II. LA PROPOSITION DE LOI : DES MESURES DONT LA PORTÉE EST TOUTE RELATIVE
C'est dans ce contexte que la proposition de loi, initialement composée de cinq articles, a été présentée à l'Assemblée nationale. Enrichie pendant son examen pour atteindre, à ce stade de la discussion, dix articles6(*), elle a été notamment modifiée par les députés pour tenir compte des conclusions du rapport précité de Jean Terlier (par ailleurs rapporteur du présent texte à l'Assemblée nationale) et Cécile Untermaier sur l'évaluation de la mise en oeuvre du code de la justice pénale des mineurs7(*).
Elle se divise8(*) schématiquement autour de trois enjeux : la responsabilisation des parents des mineurs délinquants, le renforcement ou la création de procédures supposées favorables à plus forte répression et la promotion de mesures de moindre portée tendant à aménager certaines des procédures prévues par le code de la justice pénale des mineurs.
A. LA RESPONSABILISATION DES PARENTS DE MINEURS DÉLINQUANTS
Les trois premiers articles de la proposition de loi, qui ont fait l'objet de peu de modifications lors de l'examen du texte à l'Assemblée nationale, visent, selon les mots de l'auteur du texte, à inciter les parents à « assumer » davantage « leurs responsabilités », afin de ne pas « laisser prospérer la spirale de la violence »9(*). Pour ce faire, la proposition de loi s'appuie sur trois leviers : la sanction pénale des parents qui se soustraient à leurs obligations légales, le défèrement des parents aux convocations du juge des enfants statuant en matière d'assistance éducative, et la responsabilité civile de plein droit des parents pour les dommages causés par leurs enfants. Aucun de ces trois leviers n'est toutefois circonscrit au seul cas des parents de mineurs délinquants.

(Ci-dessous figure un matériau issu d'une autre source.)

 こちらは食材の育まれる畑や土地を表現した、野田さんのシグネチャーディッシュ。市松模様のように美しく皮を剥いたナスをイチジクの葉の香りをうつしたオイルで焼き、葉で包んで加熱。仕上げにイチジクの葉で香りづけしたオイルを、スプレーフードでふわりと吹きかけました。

Le levier pénal est assuré par l'article 1er, qui vise à faciliter caractérisation du délit de soustraction, par un parent, à ses obligations légales qui découlent de l'exercice de l'autorité parentale, en substituant à l'actuel critère de résultat qui fonde cette infraction un critère formel. La sanction du manquement du parent à ses obligations, qui s'élève par défaut à deux ans d'emprisonnement et 30 000 € d'amende, serait en outre renforcée par la création d'une circonstance aggravante dès lors qu'un crime ou plusieurs délits commis par un mineur aurait un lien direct avec la soustraction du parent à ses obligations légales, punie de trois ans d'emprisonnement et 45 000 € d'amende. Enfin, si le juge peut déjà prononcer des peines de travail d'intérêt général alternatives à l'emprisonnement, l'article 1er lui ouvre la faculté de prononcer une peine complémentaire de travail d'intérêt général pour tous les parents condamnés pour soustraction à leurs obligations légales.

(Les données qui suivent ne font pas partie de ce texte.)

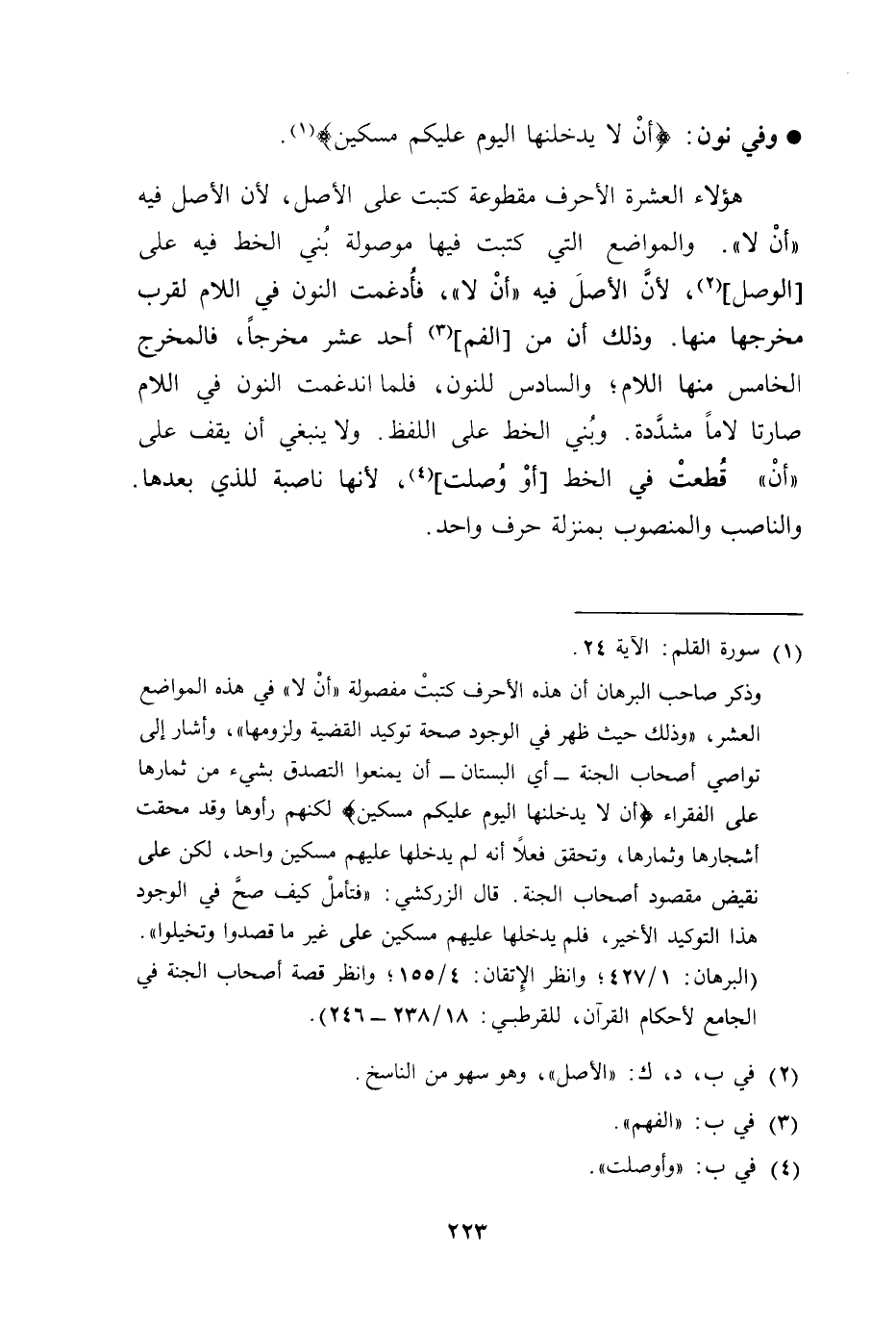 وفي نون: (أنْ لا يدخلنها اليوم عليكم مسكين) .

Les articles 2 et 3 relèvent en revanche du droit civil. Ainsi, l'article 2 prévoit d'instaurer une obligation formelle, pour les parents, de déférer aux convocations du juge des enfants statuant en matière d'assistance éducative, sous peine d'être condamnés au paiement d'une amende civile. Il s'agit d'une mesure qu'en l'état du droit le juge des enfants peut déjà prononcer, mais uniquement en matière pénale. Enfin, l'article 3 modifie le régime de responsabilité civile solidaire des parents pour les dommages causés par leur enfant, en supprimant la condition de cohabitation que prévoit le code civil depuis 1804, mais qu'une décision de juin 2024 de la Cour de cassation10(*) a levée.
* 6 L'article 8, inséré en commission puis supprimé en séance publique à l'Assemblée nationale, est exclu de la navette parlementaire.
* 7 Rapport d'information de la mission d'information sur l'évaluation de la mise en oeuvre du code de la justice pénale des mineurs, XVIème législature, n° 1000, 22 mars 2023.
* 8 Sans compter l'article 8, inséré en commission puis supprimé en séance publique (accord du mineur, assisté d'un avocat pour le recours à une audience unique), ni l'article 11, qui se borne à permettre l'application du texte dans les collectivités territoriales d'outre-mer régies par le principe de spécialité législative.
* 9 Voir l'exposé des motifs de la proposition de loi n° 448 (XVIIe législature) visant à restaurer l'autorité de la justice à l'égard des mineurs délinquants et de leurs parents.
* 10 Arrêt n° 22-84.760 du 28 juin 2024 de l'Assemblée plénière de la Cour de cassation.